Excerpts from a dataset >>
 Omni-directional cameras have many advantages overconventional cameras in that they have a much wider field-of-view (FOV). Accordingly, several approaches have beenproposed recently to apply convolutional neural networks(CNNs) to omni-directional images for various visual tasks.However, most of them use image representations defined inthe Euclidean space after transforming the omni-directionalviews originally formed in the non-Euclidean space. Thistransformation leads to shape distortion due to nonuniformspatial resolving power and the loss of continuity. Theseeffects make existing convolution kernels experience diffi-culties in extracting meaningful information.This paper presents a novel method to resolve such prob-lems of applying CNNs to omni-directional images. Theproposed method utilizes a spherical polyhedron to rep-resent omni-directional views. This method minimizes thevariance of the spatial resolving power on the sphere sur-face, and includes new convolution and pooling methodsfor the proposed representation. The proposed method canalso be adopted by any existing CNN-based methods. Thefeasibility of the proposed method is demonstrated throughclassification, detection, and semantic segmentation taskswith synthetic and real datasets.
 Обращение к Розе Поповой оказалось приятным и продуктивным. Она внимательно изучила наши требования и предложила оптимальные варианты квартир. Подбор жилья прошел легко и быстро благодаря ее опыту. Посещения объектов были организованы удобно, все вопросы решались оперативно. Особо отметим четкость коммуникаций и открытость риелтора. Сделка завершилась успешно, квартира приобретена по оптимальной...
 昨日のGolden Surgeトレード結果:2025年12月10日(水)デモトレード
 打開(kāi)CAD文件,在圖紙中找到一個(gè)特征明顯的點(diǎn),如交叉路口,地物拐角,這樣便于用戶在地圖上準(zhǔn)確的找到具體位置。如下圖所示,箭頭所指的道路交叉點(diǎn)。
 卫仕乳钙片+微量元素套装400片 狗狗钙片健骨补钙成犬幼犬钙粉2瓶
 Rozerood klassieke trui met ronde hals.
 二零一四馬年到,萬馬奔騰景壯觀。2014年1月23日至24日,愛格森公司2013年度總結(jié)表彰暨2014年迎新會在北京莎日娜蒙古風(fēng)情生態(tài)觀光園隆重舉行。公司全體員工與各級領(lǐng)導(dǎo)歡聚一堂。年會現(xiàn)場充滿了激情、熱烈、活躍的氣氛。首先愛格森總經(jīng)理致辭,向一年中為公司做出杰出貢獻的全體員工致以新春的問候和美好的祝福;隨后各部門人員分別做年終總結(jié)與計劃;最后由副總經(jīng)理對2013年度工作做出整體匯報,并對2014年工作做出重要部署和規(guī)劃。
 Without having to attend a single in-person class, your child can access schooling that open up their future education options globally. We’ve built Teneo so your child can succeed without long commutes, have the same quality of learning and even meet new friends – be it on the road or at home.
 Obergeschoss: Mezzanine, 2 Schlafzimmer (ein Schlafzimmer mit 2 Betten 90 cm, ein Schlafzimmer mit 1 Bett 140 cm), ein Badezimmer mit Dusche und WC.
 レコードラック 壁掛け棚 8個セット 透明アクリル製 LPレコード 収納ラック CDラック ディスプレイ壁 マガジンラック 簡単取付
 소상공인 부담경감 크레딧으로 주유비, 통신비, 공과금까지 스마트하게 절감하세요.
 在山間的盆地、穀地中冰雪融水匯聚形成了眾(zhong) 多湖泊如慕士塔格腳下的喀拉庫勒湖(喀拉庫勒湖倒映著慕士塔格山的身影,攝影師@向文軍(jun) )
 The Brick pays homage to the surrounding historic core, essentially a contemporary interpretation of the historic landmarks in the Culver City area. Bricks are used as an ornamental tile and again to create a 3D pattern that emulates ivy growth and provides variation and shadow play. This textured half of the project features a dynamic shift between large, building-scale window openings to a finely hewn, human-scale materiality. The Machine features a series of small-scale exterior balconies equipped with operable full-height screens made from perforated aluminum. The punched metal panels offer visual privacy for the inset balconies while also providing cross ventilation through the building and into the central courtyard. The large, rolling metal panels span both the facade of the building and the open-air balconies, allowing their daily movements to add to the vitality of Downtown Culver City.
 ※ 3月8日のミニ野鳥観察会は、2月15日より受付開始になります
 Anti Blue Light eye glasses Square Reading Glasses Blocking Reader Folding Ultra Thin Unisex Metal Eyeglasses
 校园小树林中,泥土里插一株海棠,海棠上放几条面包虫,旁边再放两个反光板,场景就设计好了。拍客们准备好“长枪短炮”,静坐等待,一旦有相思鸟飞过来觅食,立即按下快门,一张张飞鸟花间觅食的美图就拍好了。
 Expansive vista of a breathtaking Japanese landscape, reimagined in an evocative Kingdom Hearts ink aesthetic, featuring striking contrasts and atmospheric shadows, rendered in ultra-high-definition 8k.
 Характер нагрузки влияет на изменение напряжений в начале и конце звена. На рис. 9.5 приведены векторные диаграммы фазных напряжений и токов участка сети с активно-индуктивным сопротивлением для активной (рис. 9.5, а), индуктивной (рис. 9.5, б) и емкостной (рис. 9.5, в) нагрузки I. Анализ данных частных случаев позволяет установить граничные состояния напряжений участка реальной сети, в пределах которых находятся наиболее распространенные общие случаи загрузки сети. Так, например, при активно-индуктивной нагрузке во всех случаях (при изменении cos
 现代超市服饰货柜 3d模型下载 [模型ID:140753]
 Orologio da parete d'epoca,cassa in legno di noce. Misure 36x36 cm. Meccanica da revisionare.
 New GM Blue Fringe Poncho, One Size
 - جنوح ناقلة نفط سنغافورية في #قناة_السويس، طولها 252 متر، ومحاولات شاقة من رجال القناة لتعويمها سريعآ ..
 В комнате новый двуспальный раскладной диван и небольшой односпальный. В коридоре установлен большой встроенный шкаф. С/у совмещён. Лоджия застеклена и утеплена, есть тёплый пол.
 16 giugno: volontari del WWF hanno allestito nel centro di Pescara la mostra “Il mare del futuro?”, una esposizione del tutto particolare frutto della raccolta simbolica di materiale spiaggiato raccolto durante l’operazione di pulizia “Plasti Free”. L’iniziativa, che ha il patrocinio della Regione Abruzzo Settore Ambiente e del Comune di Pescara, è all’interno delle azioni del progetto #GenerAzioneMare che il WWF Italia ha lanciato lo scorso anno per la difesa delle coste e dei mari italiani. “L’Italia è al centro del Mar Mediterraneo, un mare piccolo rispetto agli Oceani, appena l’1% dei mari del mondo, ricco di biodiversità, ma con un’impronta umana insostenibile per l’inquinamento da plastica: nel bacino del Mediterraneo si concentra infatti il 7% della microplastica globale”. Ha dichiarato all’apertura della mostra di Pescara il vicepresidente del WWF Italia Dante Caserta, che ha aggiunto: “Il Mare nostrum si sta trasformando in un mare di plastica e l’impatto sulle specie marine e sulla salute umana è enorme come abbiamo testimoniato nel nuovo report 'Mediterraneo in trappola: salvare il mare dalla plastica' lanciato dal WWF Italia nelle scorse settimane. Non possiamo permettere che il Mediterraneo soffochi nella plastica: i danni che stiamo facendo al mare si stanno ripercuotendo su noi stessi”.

YOUR INSTRUCTIONS >>
Your answer should consist only of the lines above between the line holding "New GM Blue Fringe Poncho, One Size" and the line holding "В комнате новый", inclusive, each transcribed exactly.

RESULT FOR THIS EXERCISE >>
 New GM Blue Fringe Poncho, One Size
 - جنوح ناقلة نفط سنغافورية في #قناة_السويس، طولها 252 متر، ومحاولات شاقة من رجال القناة لتعويمها سريعآ ..
 В комнате новый двуспальный раскладной диван и небольшой односпальный. В коридоре установлен большой встроенный шкаф. С/у совмещён. Лоджия застеклена и утеплена, есть тёплый пол.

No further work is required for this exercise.